Four attacks by CIA drones are believed to have targeted AQAP training camp in Yemen, killing over 30
A large number of al Qaeda in the Arab Peninsula (AQAP)
militants were killed when a series of air strikes has hit their
training camp in a remote mountainous region of southern Yemen on
Saturday and Sunday, April 19-20, 2014 – the Yemeni defense ministry
said. AQAP
has been regarded by Washington as the jihadist network’s most
dangerous affiliate. The attacks are likely targeting Al Qaeda number
two Nasir al-Wuhayshi, deliberately exposed in a recent video taken at a large gathering of terrorists in Southern Yemen. The operation targeting al Qaeda in the Arabian Peninsula is under way in Abyan and Shabwa, Yemen, a high-level Yemeni government official who is being briefed on the strikes told CNN on Monday (see video below). The Yemeni official described the attacks as “massive and unprecedented”, confirming at least 30 militants have been killed. The operation involved Yemeni commandos who are now “going after high-level AQAP targets,” the official said.

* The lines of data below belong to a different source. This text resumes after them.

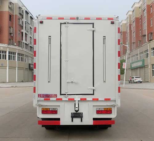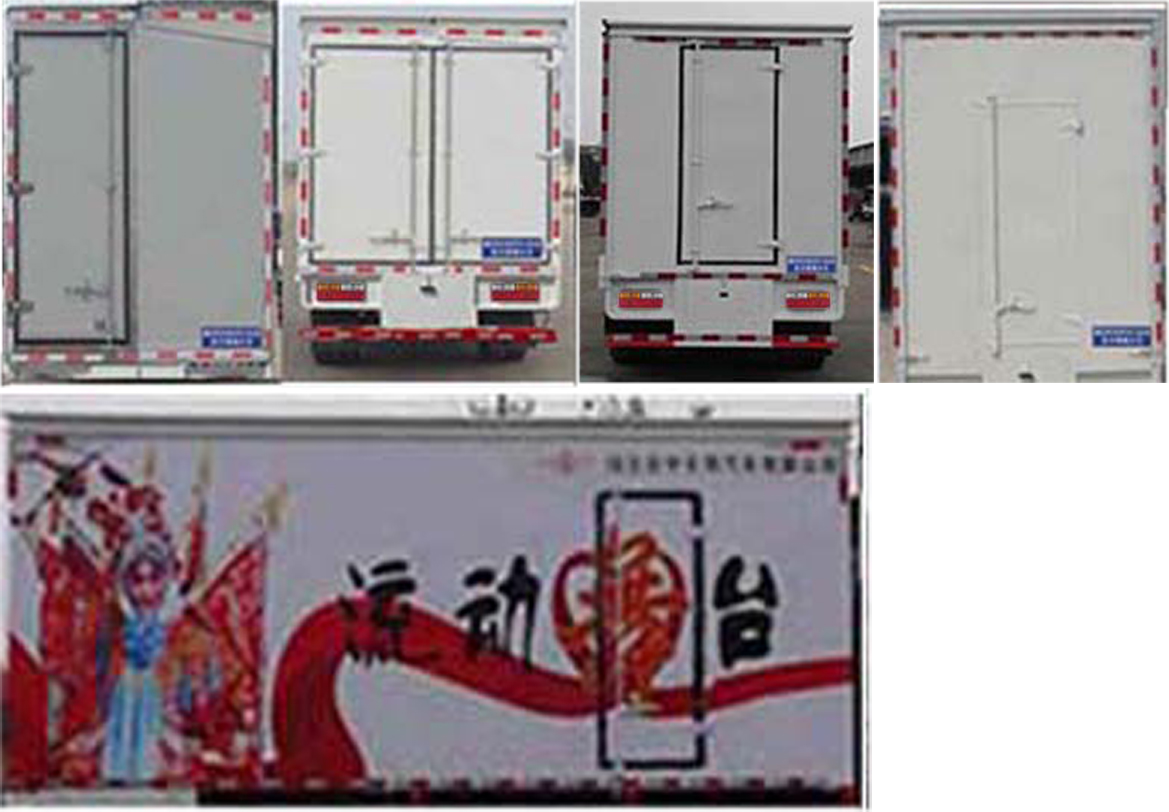 随底盘选装驾驶室,导流罩为选装件,选装后部门结构样式,选装厢体侧面开门样式。车厢顶棚封闭,并采用衍架结构,可升降,车厢两侧板可展开,与顶棚形成整车舞台顶棚;活动舞台板可折叠于车厢内,通过展开装置展后与固定舞台台面形成整车舞台台面;底盘大梁部分设有支撑装置。ABS生产厂家:威伯科汽车控制系统(中国)有限公司,型号:ABS-E4S/4M;浙江万安科技股份有限公司,型号:VIE ABS-II;广州瑞立科密汽车电子股份有限公司,型号:CM4XL-4S/4M。侧防护采用冷弯型钢/Q235-B,焊接连接,后防护采用冷弯型钢/Q235-B,焊接连接,后防护截面高度尺寸120mm,截面宽度尺寸50mm,下边缘离地高度420mm。该车作为流动演出的、可展开成为舞台。车长/轴距/前悬/后悬对应关系为:(毫米)5998/3300/1150/1548,5998/3300/1200/1498,5998/3300/1230/1468,6590/3300/1150/2140,6590/3300/1200/2090,6590/3300/1230/2060,7000/3550/1150/2300,7000/3550/1200/2250,7000/3550/1230/2220. |
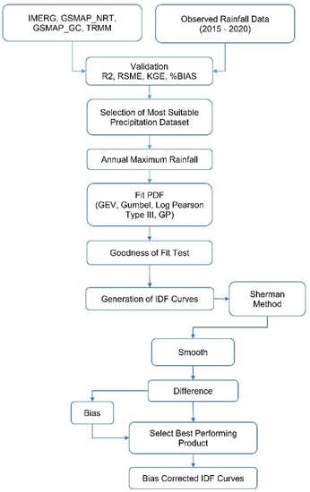 The main objective of this study is to develop IDF curves at ungauged locations of Yangon using satellite-based rainfall data. The detail of the procedure used for this purpose is shown using a flowchart in Figure 2. The following steps were used to achieve the objective.
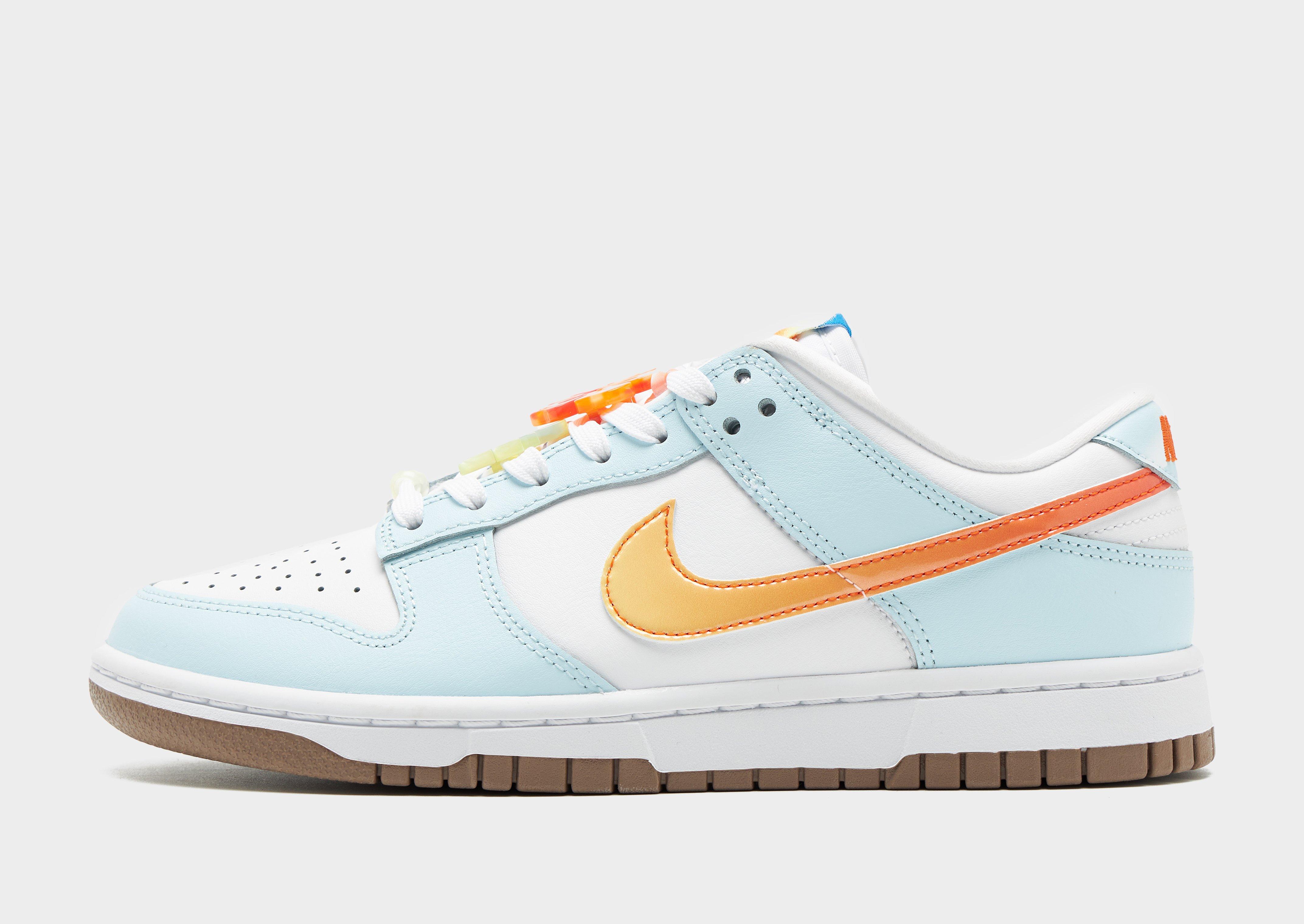 Inspired by b-ball style, these women's Dunk Low 'Beach Sunset' shoes from Nike are back from '85. These low-profile sneakers have a premium leather and synthetic upper keeping the OG design lines. They come in a White colourway with Blue details, and feature a tonal lace-up fastening with decorative lace charms, including pearls, palm trees, and flowers. With breathable perforations to the toe box, these shoes are sat on a soft foam midsole for lightweight cushioning and maximum comfort. Finished with a grippy rubber tread for traction on the courts, signature Nike branding and the iconic Swoosh logo to the sidewalls. Style Code: IB8877-191
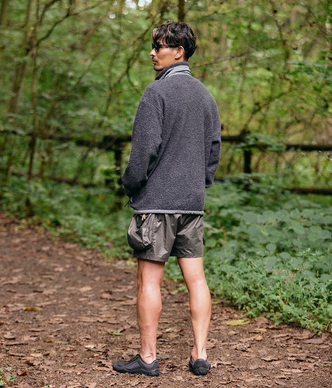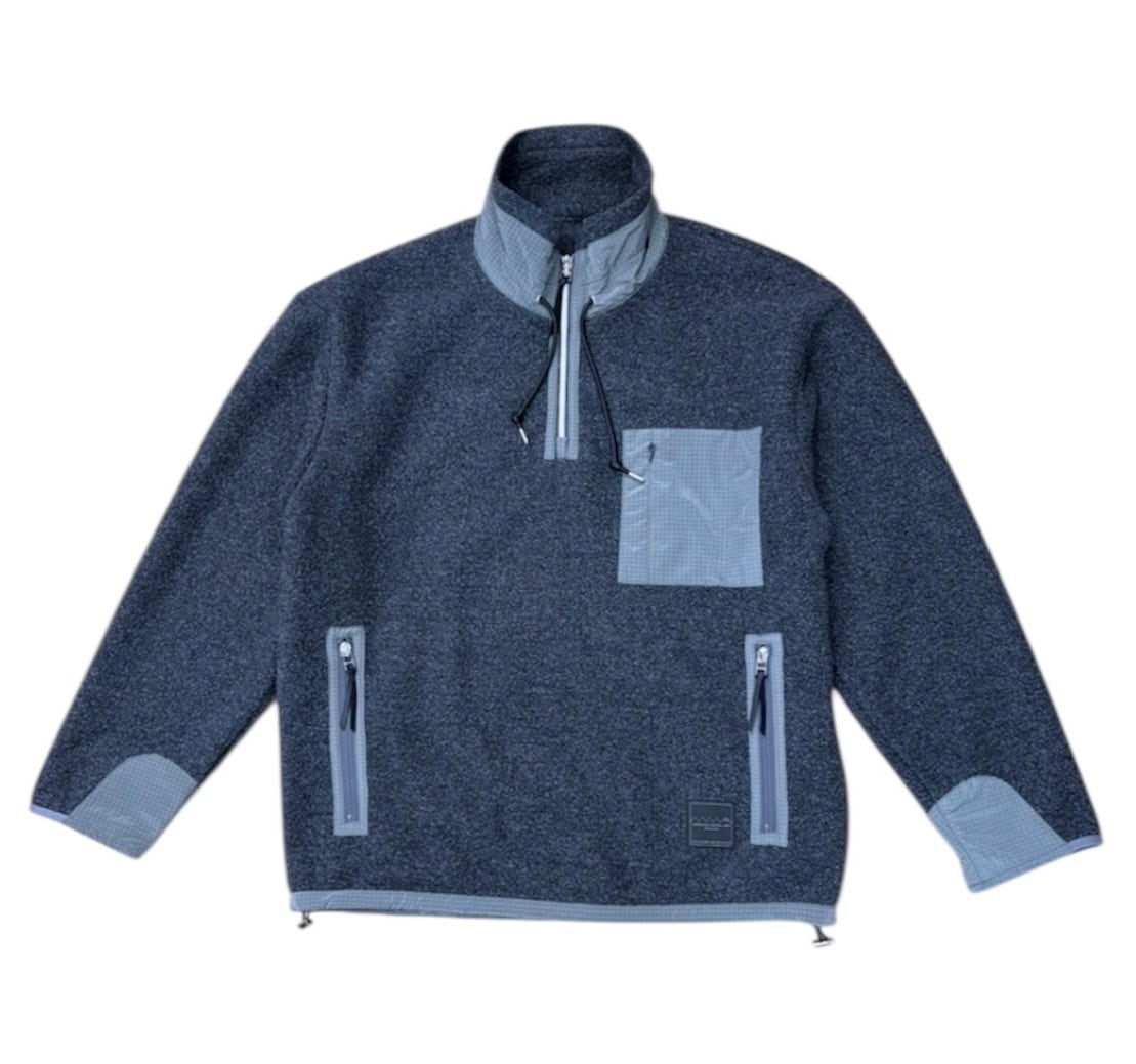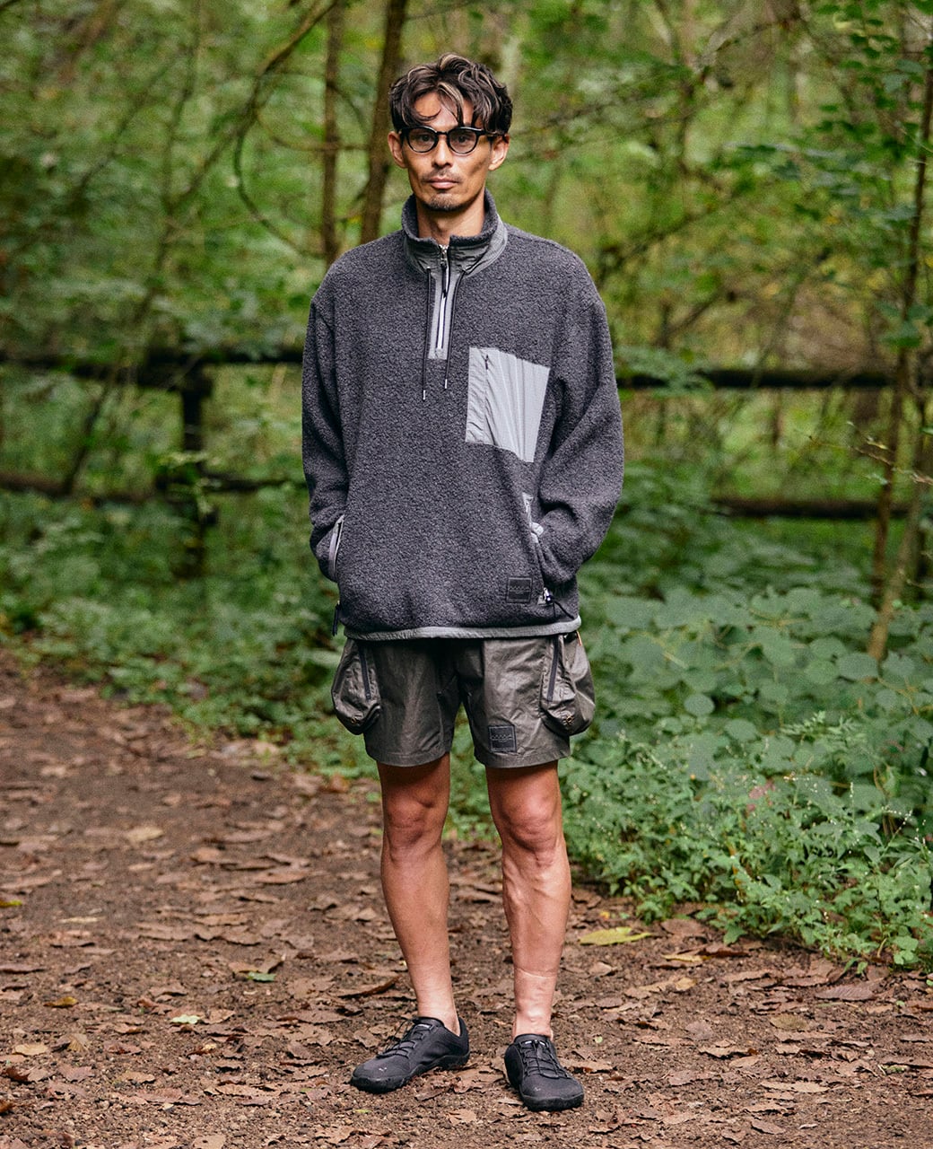日本製のオリジナルボディは、肩幅と身幅にゆとりを持たせたリラックスシルエット。胸元のハーフファスナーで体温調節が可能。ファスナーは軽量で高級感のあるメタリックコイルファスナーを使用。襟とポケットカバーと袖先には高強度の撥水モノフィラメントリップストップナイロンを使用することで高い耐久性を持つ。
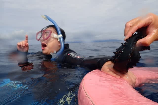 ナマコを手にのせられ、、
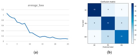 Pd vs. hc vs. dd: (a) loss function; (b) confusion matrix.
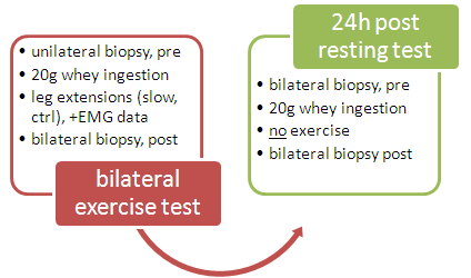 Participants subsequently performed bouts of unilateral leg extension exercise at 30% ofThe participants performed a total of 3 sets with 2 minutes of rest between the sets for each condition. Lifting cadence was monitored by an instructor and by the use of a metronome. Moreover, the exact knee-joint angles were recorded by the means of a goniometer. After a subsequent 2nd blood sample was taken, all participants consumed 20g of whey protein isolate. 6h after, a 2nd bilateral biopsy was taken and the participants were fed a standard cafeteria meal. For the rest of the day they were advised to follow a diet that would mirror their previously recorded food intake, with the last meal being consumed before 22h, "to ensure a 10 h fast prior to the beginning of the 24 h post-exercise protein synthesis measurement", which took place the next morning after the consumption of another 20g of a tracer-enriched whey protein supplement.

According to unofficial reports the April 20 attack comprised at least three separate strikes that were directed at a terrorist training camp in al-Mahfad, killing up to 25. On the 19 April attack ten AQAP personnel and three civilians were also killed on another drone attack; intelligence report said they were planning attacks on civil and military targets in al-Bayda province, in southern Yemen.
The
locations of air strikes (yellow) and drone strikes (grey) in Yemen.
Radius indicates the number of killed. The red mark is the position of
the Yemeni Air Force Base at Al Anad,
allegedly providing the forward operation base for those operations. It
is also believed that since the introduction of MQ-9 Reaper drones, at
least part of the activity has moved to the more desolate Um El-Melh
border guard new airbase base built near the Saudi-Arabian-Yemeni
border, about 900 km north-east of Al Anad. Source: New America
Foundation.
The drone campaign in Yemen is managed by the US Central Intelligence Agency (CIA) since 2002. The momentum of this campaign increased since 2011, particularly as the Obama administration began using drones to support the Yemeni government’s battles against al-Qaeda-linked militants in 2012. Without ‘boots on the ground’, this campaign suffered relatively high rate of ‘collateral damage’ (unintended civilian casualties) but this ration has dropped significantly in recent years (except in 2012 when 11 civilians were killed on their way to a wedding).
AQAP has also directed its attacks on civilian and military targets of the Yemeni regime as well as targets thought to be related to US operatives. In a recent attack in December 2013 a car bomb exploded inside a hospital in the capital city Sana, killing 52 people. The Mujahedeen claimed the attack was directed against an operations center controlling the drones attack in the country however, the US denied there were any American victims at the site.
AQAP has been growing in Yemen despite the U.S. CIA and government efforts to rout the terrorist groups from the country. In February 2014 AQAP conducted a suicide attack on the central prison in the Yemeni capital of Sana’a. The attack involved suicide bombers and an assault team that penetrated the facility and freed 29 prisoners, among them 19 AQAP operatives, the Long War Journal reported.
The terrorists freed during the February raid were greeted by al-Qaeda’s number two in command, Nasir al-Wuhayshi, appearing in a video aired recently on Youtube. The 15-minute video, posted on YouTube by the Terrorism Research and Analysis Consortium (TRAC).